Когда я ужинал – из-за отсутствия денег пятью кусками хлеба с маслом и тремя яйцами всмятку, – в дверь постучали. На пороге стоял мой сосед Мортен, держа в руке большой черный зонт с ручкой как у трости, в красной кожаной куртке, синих «левисах» и лоферах с белыми носками, и хотя на этот раз он причесался, в нем все равно чувствовалось нечто необузданное, особенно, наверное, во взгляде, но и в жестах тоже, словно он изо всех сил пытается удержать внутри что-то огромное. И еще в смехе, которым он разражался в самые неподходящие моменты.

– Привет! – сказал он. – Можно войти? Поболтаем.

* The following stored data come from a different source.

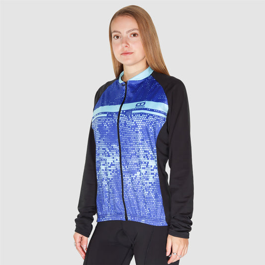 DiDOO Women Pro long sleeve winter cycling jersey Black and Blue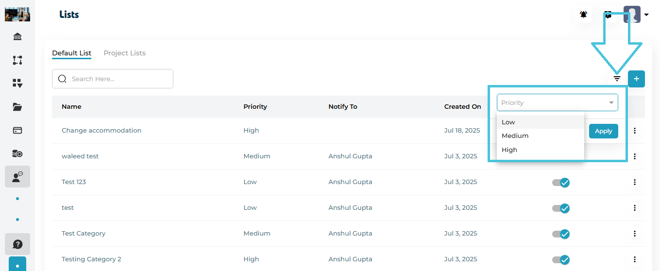 Filter Panel – Filter tickets by priority and status
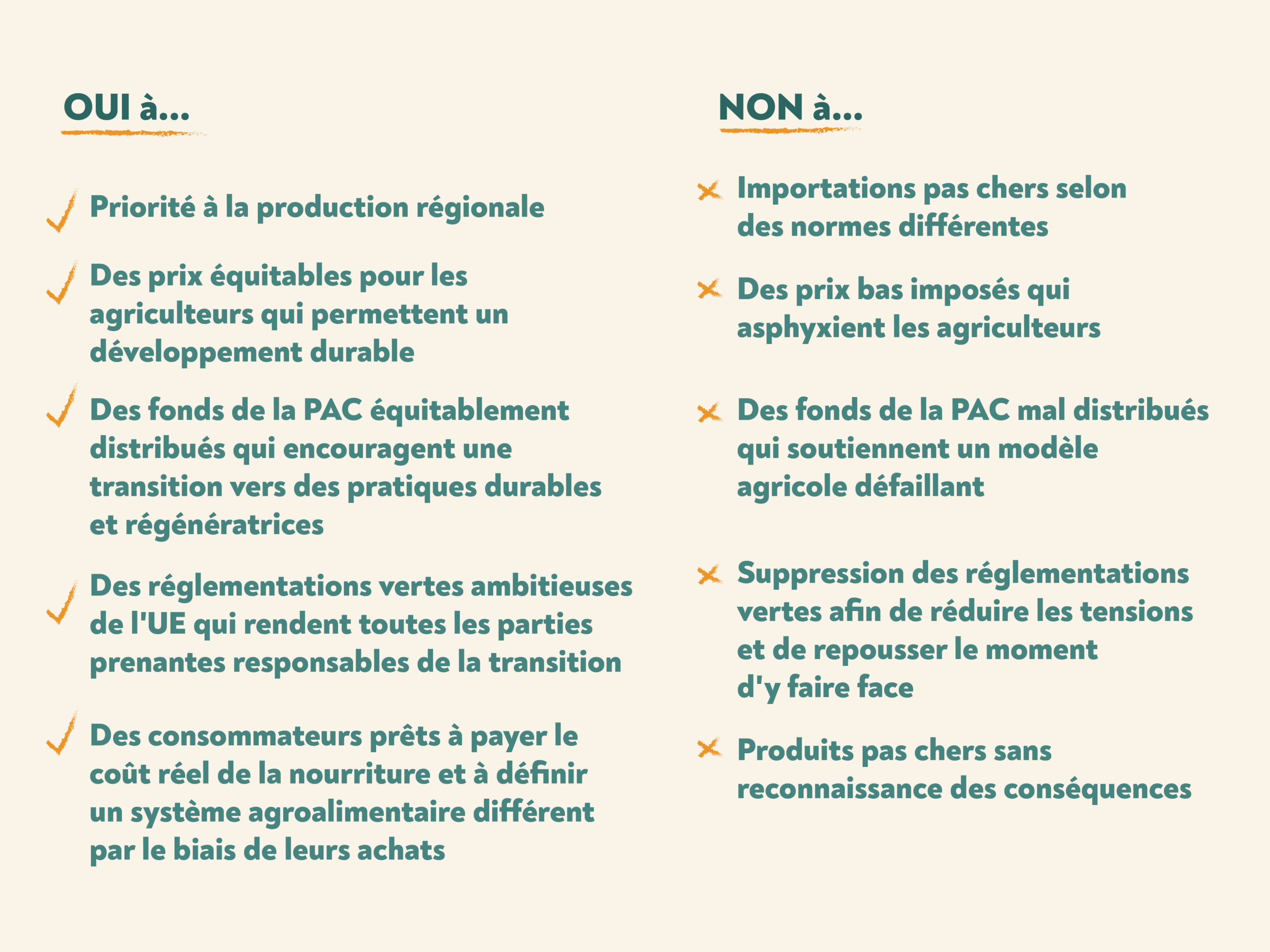 Bien que certaines préoccupations, telles que le projet de suppression progressive des avantages fiscaux accordés au diesel agricole pour équilibrer le budget en Allemagne ou l’obligation de réduire les émissions d’azote aux Pays-Bas, soient propres à chaque pays, les manifestations actuelles voient les agriculteurs de tous bords – petits producteurs et producteurs biologiques, mais aussi grands producteurs commerciaux et conventionnels – unis par leur impuissance face à des chaînes d’approvisionnement déloyales.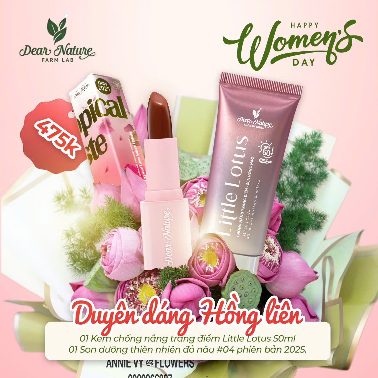 Nhân dịp Quốc tế Phụ nữ 8/3, Dear Nature dành tặng bạn ưu đãi đặc biệt khi mua Kem chống nắng Sen Hồng Hào LITTLE LOTUS: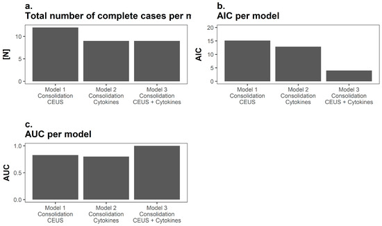 Logistic regression modelling revealed the highest predictive power regarding consolidation subsequent to the non-union treatment for parameters generated by using both CEUS (TTP 3 months after surgery) and serum CEA (GM-CSF values 1 week after the second surgery, TNF-α values both prior to the initial surgery and 1 week after the initial surgery). Thus, model selection was performed using the models AIC and AUC of the corresponding ROC analysis. Only complete cases without a single missing value were integrated in the prediction modelling process; therefore, the number of complete cases was lower once serum cytokine parameters were included due to single missing values (Figure 6a). It is noteworthy that, despite the number of completed cases being lower in the models including serum cytokine parameters, AUC was the highest and AIC the lowest for models including both CEUS and cytokine parameters (Figure 6b,c).

А то в прошлый раз совсем коротко получилось, хе-хе.

– Проходи, – пригласил я.

Он остановился в дверях и огляделся.

– Садись, – сказал я и опустился перед проигрывателем, выбирая пластинку.

– «Тридцать семь и два по утрам», ну да, – проговорил он, – я видел фильм.

– Хороший, – ответил я и повернулся к Мортену.

Садясь, он поддернул брюки. Было в нем и что-то чопорное, что, наряду со смутной, но явной необузданностью заполнило всю комнату.

– Ага, – согласился он, – и Бетти Блю отличная. Особенно когда спятила!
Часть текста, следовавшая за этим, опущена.